I like to think of Psalm 28 and others like it in association with David’s weapon of choice. In the motion of the sling there is a circling down and back before a thrusting forth of the missile in the pocket. The velocity on release and resulting impact of the missile in the pouch is increased by the reverse direction of the motion. Backward serves forward. Downward serves upward and outward.

A Formidable Weapon

Slings were respected not only in ancient times. They are said to have been the only indigenous weapon feared by the Spanish conquistadores. Ancient sources report their accuracy against small targets up to 250 meters. A skilled slinger could select not only a face to strike but a particular part of a face. According to the Greek historian Xenophon, the sling could do damage at 400 meters, its range exceeding that of the bow. These figures may be exaggerated. But the Guinness world record for projecting a stone by sling is 1,434 feet.

The Physics of the Sling

Astrophysicists use what is called “gravity assist” to boost the speed of a space vehicle to the point at which it can escape the solar system. Entering the gravitational field of a planet at an angle insufficient to draw it in, the vehicle dramatically accelerates and, circling behind the planet, is whipped out at a speed well exceeding that with which it approached. The technique is popularly known as “the slingshot.” Spacecraft have insufficient power in themselves to escape the gravitational pull of the sun and leave at a speed that will carry them their vast distances. Gravity is made to overcome gravity.

The Descent

Psalm 28 begins with a servant of God in distress. He is under attack by his enemies, who are also the enemies of God. “Unto thee will I cry, O Lord my rock: be not silent to me: lest, if thou be silent to me, I become like them that go down to the pit. Hear the voice of my supplications, when I cry unto thee, when I lift up my hands toward thy holy oracle” (1-2). David’s situation seems dire, but he knows where to go with it.

He cries to his God, like the author of Lamentations who wrote literally of what David depicts poetically. “I called upon thy name out of the low dungeon,” wrote Jeremiah, associating distress as elsewhere in the Old Testament with a need to be “lifted” up and out.

The Turn

David’s spirits take an upturn about midpoint in the psalm. He praises God for his deliverance. “Blessed be the Lord, because he hath heard the voice of my supplications. The Lord is my strength and my shield: my heart trusted in him, and I am helped: therefore my heart greatly rejoiceth; and with my song will I praise him” (6-7). The song to which he refers is the present poem, the one he has been writing.

The Witness

In the closing two verses the Psalmist generalizes his experience into a claim for Israel. He has escaped the clutch of his enemies, the cause of his fears, and his song now rises in celebration of his Deliverer. His Deliverer is Israel’s also. “The Lord is their strength, and he is the saving strength of his anointed.”

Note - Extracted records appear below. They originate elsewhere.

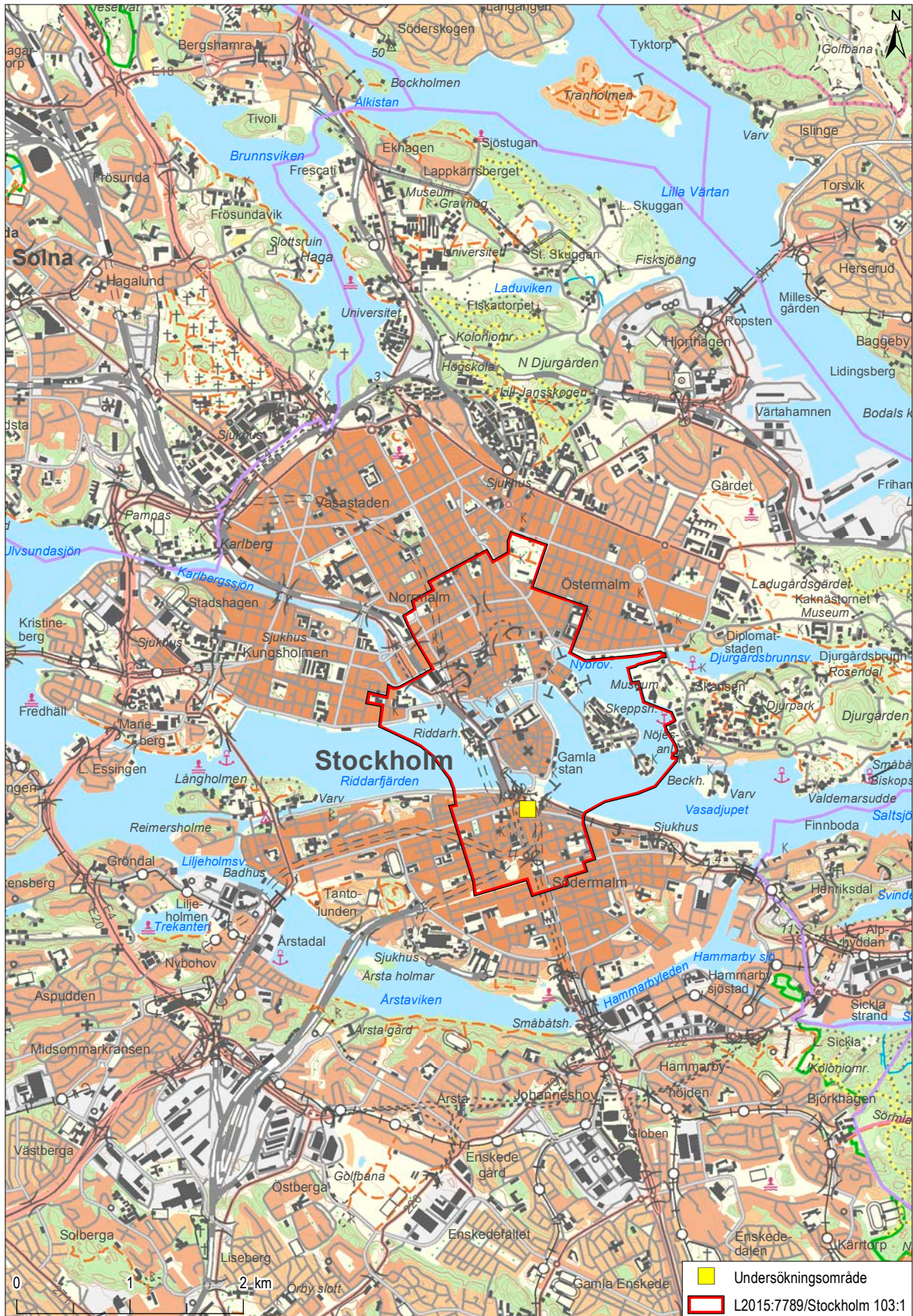
Figur 1. Undersökningsområdet i Peter Myndes backe vid Södermalmstorg i centrala Stockholm. Mot bakgrund av Terrängkartan, skala 1:50 000.
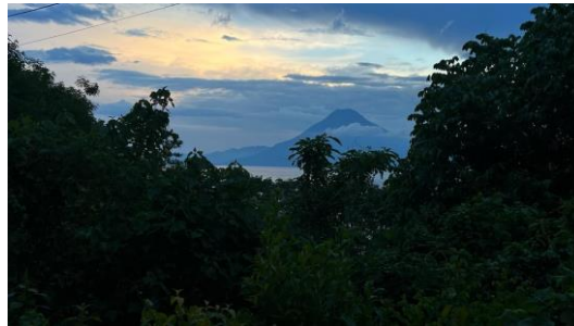
Figure 2 : cocher de soleil sur le lac Atitlan

Elles sont parties le vendredi pour rejoindre le Lac Atitlan direction Panajachel. Enormément de circulation, 5h de voiture à cause du jour de l'armée qui avait lieu le lundi. Samedi matin réveil 5h40 pour faire le sunrise en paddle, puis visite de la ville Panajachel avec un repas typique de là-bas (le Ceviche un mélange d'oignons, de tomates, de crevettes, crabes et poulpes avec une sauce secrète). Le soir direction San Pedro afin de dire une dernière fois aurevoir au lac. Là-bas, elles ont rencontré une couturière qui est venue en France faire une exposition. Un article a été fait sur elle (page 5).
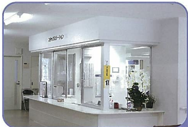
ナースステーション
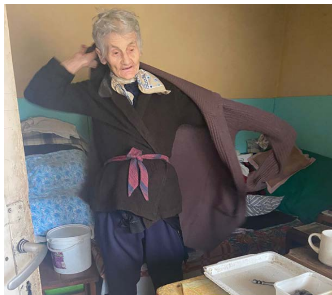
Huis op de Campul Mic
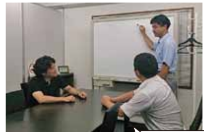
お客様の要望に いかに応えられるか。 作戦会議中！
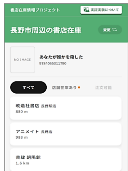
【書店在庫情報プロジェクト画面イメージ】

※実証実験がスタートしたばかりのため、現時点では在庫情報を見られる県内書店の数は少ないですが、長野県書店商業組合など関係団体との連携を進め、参画する書店を増やしていけるよう取り組んでいきます。
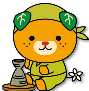
愛媛県イメージアップキャラクター みきゃん
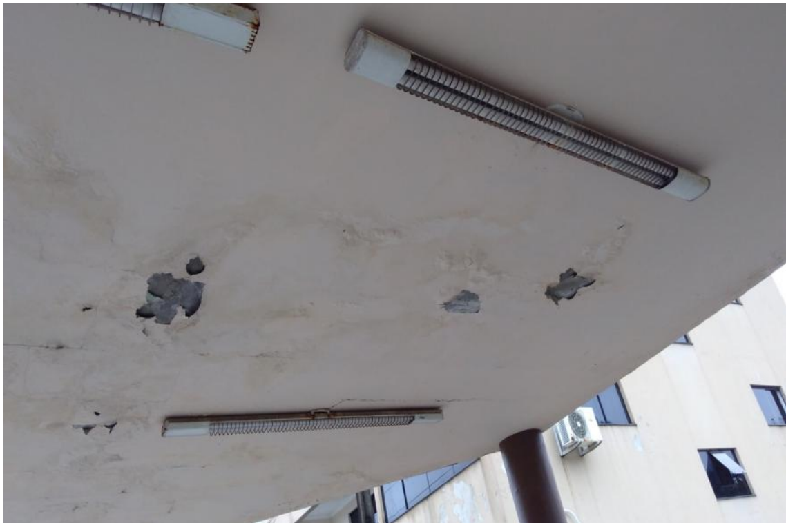
Figura 15 - Manifestações patológicas no teto da UBS Lúcia Elena dos Santos
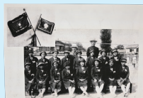
第六回極東オリンピック蹴球優勝選手団集合写真 大正時代
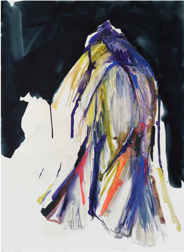
plissé , 2023, aquarelle, mélange d'encre sur papier, 76 x 56 cm. 2400€
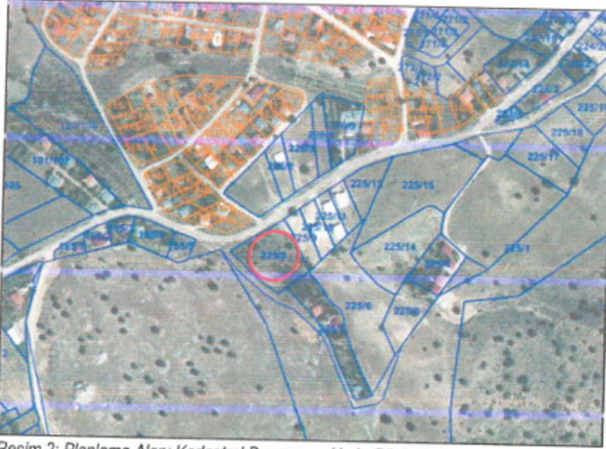
Resim 2: Planlama Alanı Kadastral Durumu ve Uydu Görüntüsü

Söz konusu planlama alanını kapsayan; Antalya İli Korkuteli İlçesi, Yeleme Mahallesi Köy Yerleşik Alan sınırları içinde tapunun 225 ada 8 parseline kayıtlı taşınmaz tamamen boş olup, parsel üzerinde herhangi bir korunması gerekli tabiat veya kültür varlığı bulunmamaktadır. Ayrıca parsel üzerinde herhangi bir tarımsal faaliyet bulunmamaktadır. Söz konusu parsel tapu kayıtlarında 3678.56 m 2 'dir. Planlamaya konu parselin kadastral durumu güncel uydu görüntüsü ile birlikte gösterildiği harita aşağıdaki gibidir.
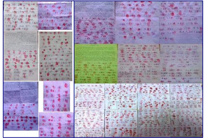
青龙满族自治县各乡镇第二批为崔爱军征签 1841 人

印卿就是不放人，执意继续迫害崔爱军，还扬言：在（中共）两会后，再给崔爱军罗列点东西，再给检察院报上去。青龙县国保大队副队长竟叫嚣：法轮功学员零口供、不签字，照样能给判了。
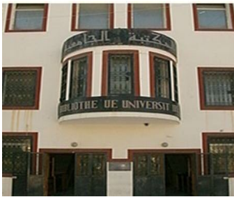
صورة رقم (01):

جميع التخصصات الموجودة على مستوى جامعة الجزائر 2 مثل علم النفس و علم المكتبات و التاريخ و اللغات. وتعتمد المكتبة على الرفوف المفتوحة في عرض مجموعاتها في قاعة الدوريات و المراجع.

A concluding prayer recognizes the nation’s ongoing need for protection and blessing. “Save thy people, and bless thine inheritance: feed them also, and lift them up forever” (9). What has begun as an urgent prayer for his own deliverance ends in a surge of praise of his Deliverer, who can be Israel’s as well.

The Gain

The Psalmist has a renewed sense of God’s providence. He has taken his reader and listener through an experience (perhaps years before) of desperate need, one which drove him to seek help from the Lord and from which he exited with revived energy and purpose, greater we think than before. Down, back, up and around, and forward went his spirits to the point of release. 

May we borrow an expression from the French to describe it? Was this not his Arc de Triomphe? It may indeed have been for David a monumental event. We can be pretty sure it would not be for him a final one. There is more than one Arc de Triomphe in the city of Paris.

The life of our Lord had its dark descents. He warned His disciples such times would come for them too if they should remain faithful to their calling and remember who and what they were. Nor should we, their spiritual descendants, expect to miss the dark times either. The world would be much poorer if what it glimpsed in our lives were only the pleasant times in the life of our Savior. We ourselves would be much poorer also. David’s sling, its arc, marks an emotional path for us, too. It is a spiritual path for us, as it was for Israel’s troubled king, as well.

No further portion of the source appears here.